[2b2k] Scientific transparency vs. trust

Last January, Jean-Claude Bradley, an associate professor of chemistry at Drexel, posted about an assignment he gave his students: He asked them to find five different sources for the properties of a chemicals of their choosing. The results were sobering.

For example, in one case a paper that had spent five months undergoing peer review before being accepted by Biotechnology and Bioprocess Engineering got the water solubility of the chemical extract of green tea (EGCG) wrong. The source of the information had it right — caffeine is 21.7 grams per liter and EGCG is 5g/l — but likely through a transcription error, the number for caffeine got appended to the number for EGCG, resulting in EGCG’s solubility being reported in the paper not as 5 but as 521.7. That number is off by two orders of magnitude, and is so high that you’d think one of the peer reviewers or editors would have caught it. The chain of data in this case goes back through several more sources to a published experiment that, unfortunately, does not contain enough information to enable us (well, chemists like Jean-Claude) to fully judge its accuracy.

Jean-Claude’s point is not that all scientific data is wrong. Rather, it is that “trust should have no part in science.” Instead we should be able to check the sources of data, preferably all the way back to the lab notebooks and the raw instrument readings.
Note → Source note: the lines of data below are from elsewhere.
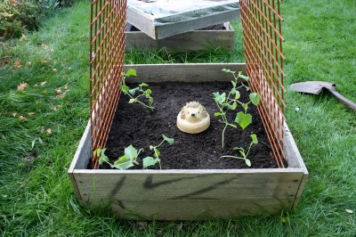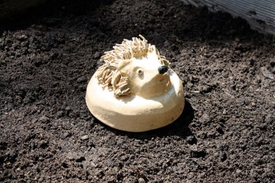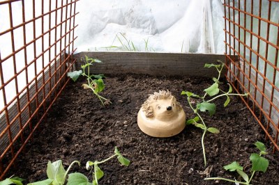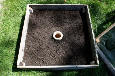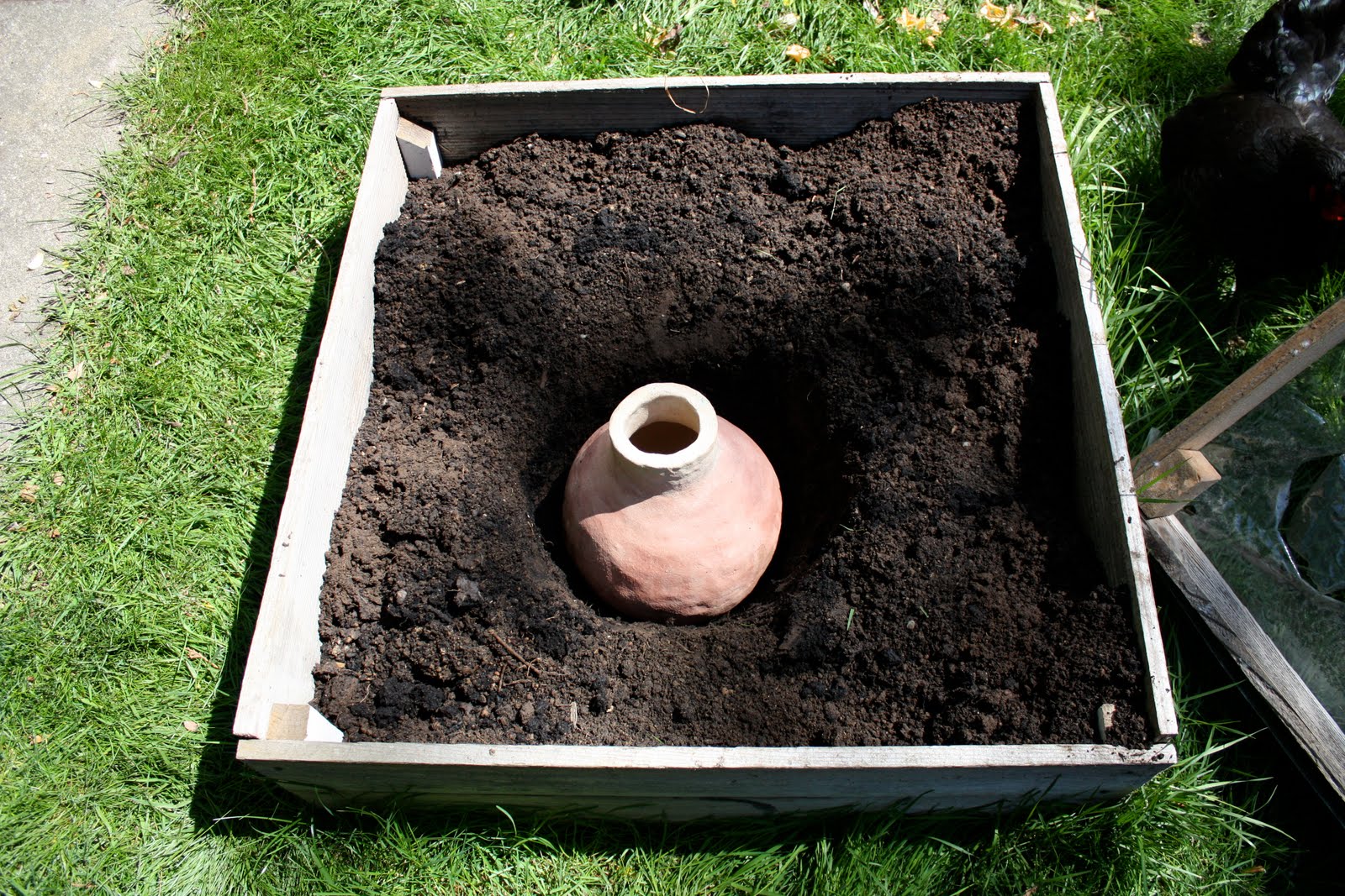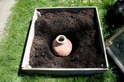 I had one olla ready to plant so I decided to try it with cucumbers in my raised boxes. I dug the olla in to ground-level, patted the soil around it, filled it to the brim, and capped it.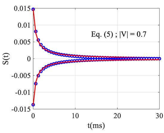 We can now study Equation (7) or its analogous Equation (5) using the correct values for the maximum and the minimum. We have used a nonlinear least squares routine to fit the temporal behavior at these positions obtained with the exact numerical simulation as if they were experimental acquisitions. At the minimum, for , we obtained and , while at the maximum, for , we obtained and . It should be noted that a small difference is observed in the fitting results when moving from negative to positive because the response is not symmetrical (see Figure 6 for ). This asymmetrical response is much more pronounced for higher absolute values of . In any case, the mean measured value is given as: and which always underestimates the correct values ( and , respectively) with relative errors of 60% on and 35% on .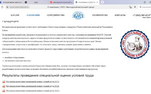 Рис.25.Страница официального сайта ООО «Винсадский молочный завод».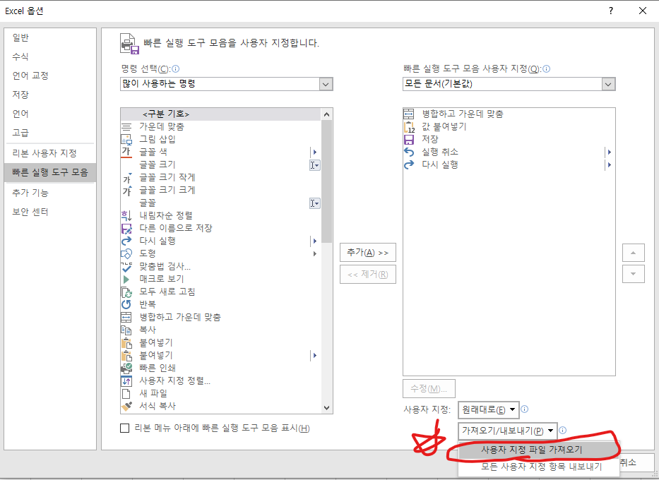 '리본 사용자 지정' 과 '빠른 실행 도구 모음' 모두 상기 절차로 복사하시면 됩니다.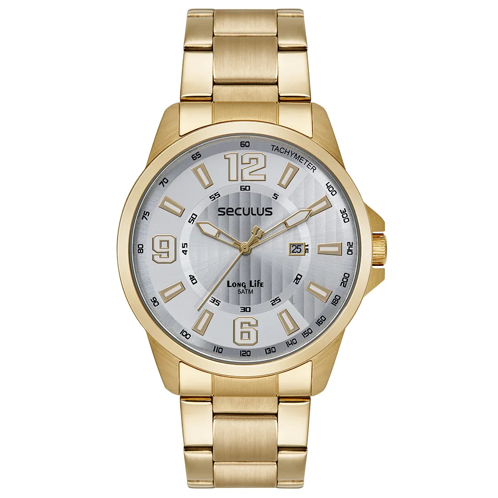 Relógio Seculus Masculino Aço Calendário Dourado 44211GPSVDA3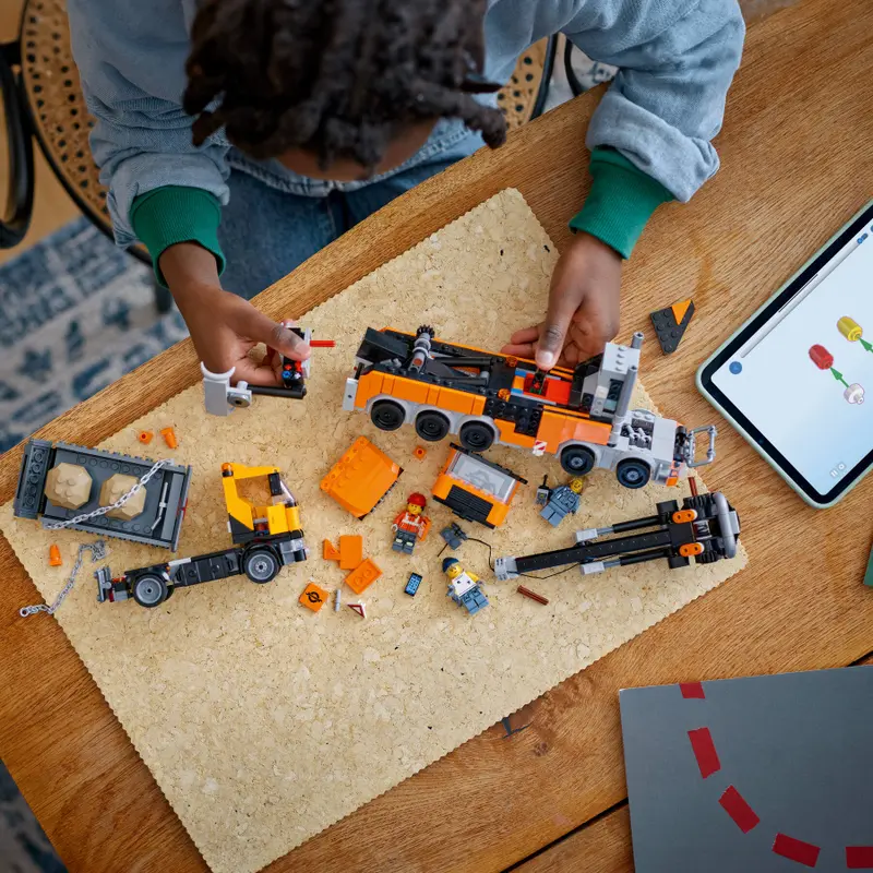 This toy truck playset includes a step-by-step printed construction guide and digital instructions in the LEGO Builder app. Here, kids can zoom in and rotate models in 3D, save sets and track their progress as they build.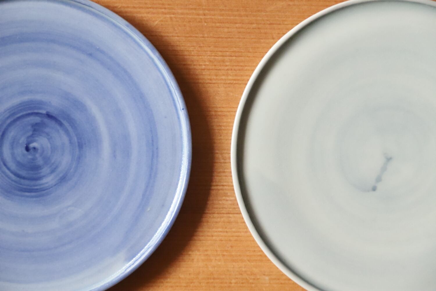 マットな釉薬の風合い、お皿の青やグレー系の色味なのは、盛り付ける主役を引き立てるために。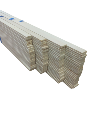 Baguettes bois profilés de 2.5m de long de forme rectangulaire.
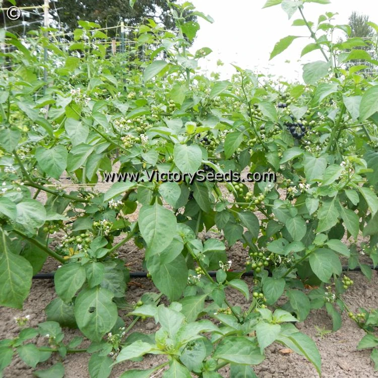 80 days — Although a lot of companies state that this is a “new” plant variety, it has in fact been cultivated for many decades. An interesting looking plant, similar to tomato plants with pepper-like leaves. They reach about three feet in height and produce hundreds of, half-inch, dark purple, almost black, fruit.

That’s the impetus behind Jean-Claude’s open notebook science initiative.

Note that in this case, the correction to the published error is likely to come via a blog, but our ecology does not have an obvious or routine way in which good bloggy information can drive out bad published data. But, no nostalgia here, please! As Jean-Claude’s post shows, for all its peer reviewers and expert editors, the old ecology gave errors a stubborn rootedness.

If you accept that humans are more fallible than we’d like, then you build systems that accommodate change. Paper is not very accommodating in this regard. Worse, its fixity has contributed to our false confidence that we can get things right and know when we’ve done so.

  1. I just saw a major article at a professional organization website with a chart abstracted from the article. The chart of criteria had a mistake obvious to anyone in the field who reads as slowly as I do (slow reading is not something I brag about). When I read the full article, the same mistake was in a table in the body of the article. The data in the article supported the fact that the table was incorrect.

    The article had, literally, about 35 authors and when published online must have been reviewed by at least two reviewers and likely an editor. I wrote the editor who replied that it seemed like a mistake. The abstracted table was corrected in a day or two, but it took much longer for the article itself to be corrected. In the meantime, who knows how many people read and/or downloaded the incorrect article and the abstracted table. The error is not likely to appear in the print version.

  3. Actually we don’t know if the 5 g/l was right because they didn’t reference that number. From the analysis of the other peer reviewed articles in that post I think it is clear that we really don’t know what the solubility of EGCG in water is. We only know that there are major contradictions in the literature.